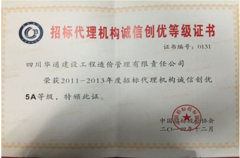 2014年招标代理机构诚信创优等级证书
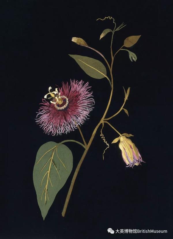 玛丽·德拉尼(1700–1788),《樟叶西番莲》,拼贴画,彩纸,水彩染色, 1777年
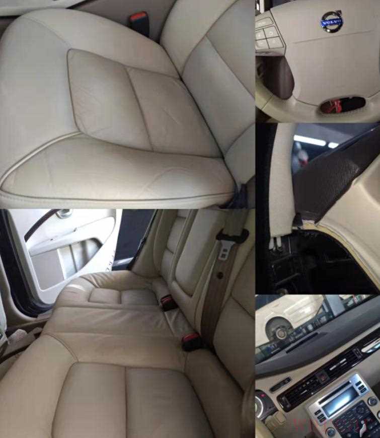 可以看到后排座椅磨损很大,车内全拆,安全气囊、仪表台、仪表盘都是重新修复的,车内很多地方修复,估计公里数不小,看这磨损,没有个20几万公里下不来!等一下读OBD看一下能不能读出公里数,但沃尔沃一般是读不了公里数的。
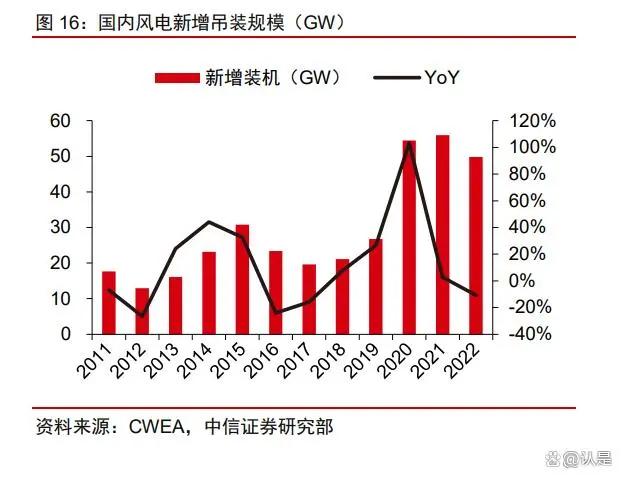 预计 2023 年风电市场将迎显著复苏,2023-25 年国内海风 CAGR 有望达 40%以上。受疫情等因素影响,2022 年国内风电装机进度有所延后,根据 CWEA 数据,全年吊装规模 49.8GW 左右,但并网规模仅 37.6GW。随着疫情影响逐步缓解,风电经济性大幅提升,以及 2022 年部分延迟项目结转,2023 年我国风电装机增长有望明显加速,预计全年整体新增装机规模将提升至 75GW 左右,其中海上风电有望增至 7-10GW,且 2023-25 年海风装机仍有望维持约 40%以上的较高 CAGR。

--

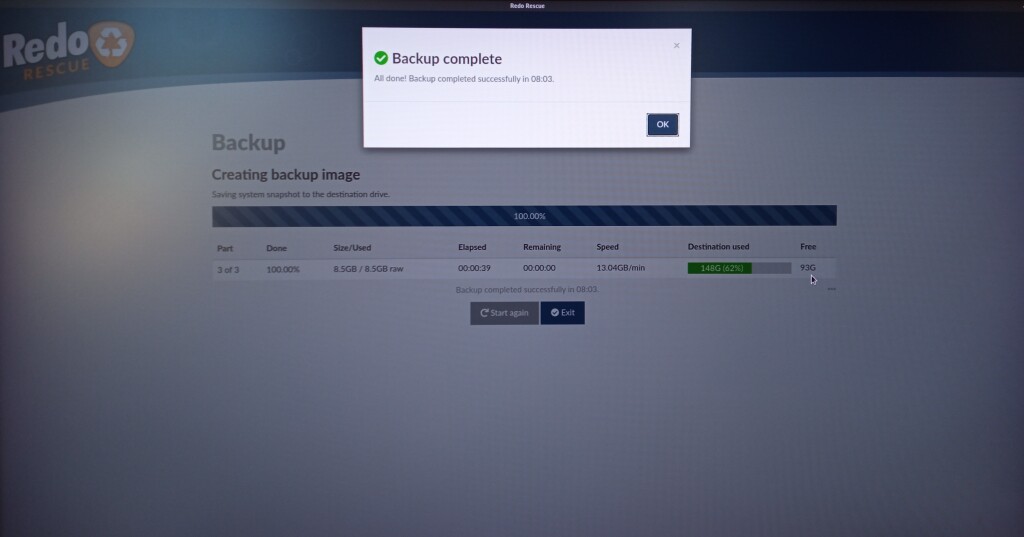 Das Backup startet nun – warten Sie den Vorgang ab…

**Task description**
Starting with the line above that holds "可以看到后排座椅磨损很大,车", restate each line word for word up to and including the line that holds "预计 2023 年风电市场将迎显著复苏,2023-25". Drop the pictures.

**Solved problem**
 可以看到后排座椅磨损很大,车内全拆,安全气囊、仪表台、仪表盘都是重新修复的,车内很多地方修复,估计公里数不小,看这磨损,没有个20几万公里下不来!等一下读OBD看一下能不能读出公里数,但沃尔沃一般是读不了公里数的。
 预计 2023 年风电市场将迎显著复苏,2023-25 年国内海风 CAGR 有望达 40%以上。受疫情等因素影响,2022 年国内风电装机进度有所延后,根据 CWEA 数据,全年吊装规模 49.8GW 左右,但并网规模仅 37.6GW。随着疫情影响逐步缓解,风电经济性大幅提升,以及 2022 年部分延迟项目结转,2023 年我国风电装机增长有望明显加速,预计全年整体新增装机规模将提升至 75GW 左右,其中海上风电有望增至 7-10GW,且 2023-25 年海风装机仍有望维持约 40%以上的较高 CAGR。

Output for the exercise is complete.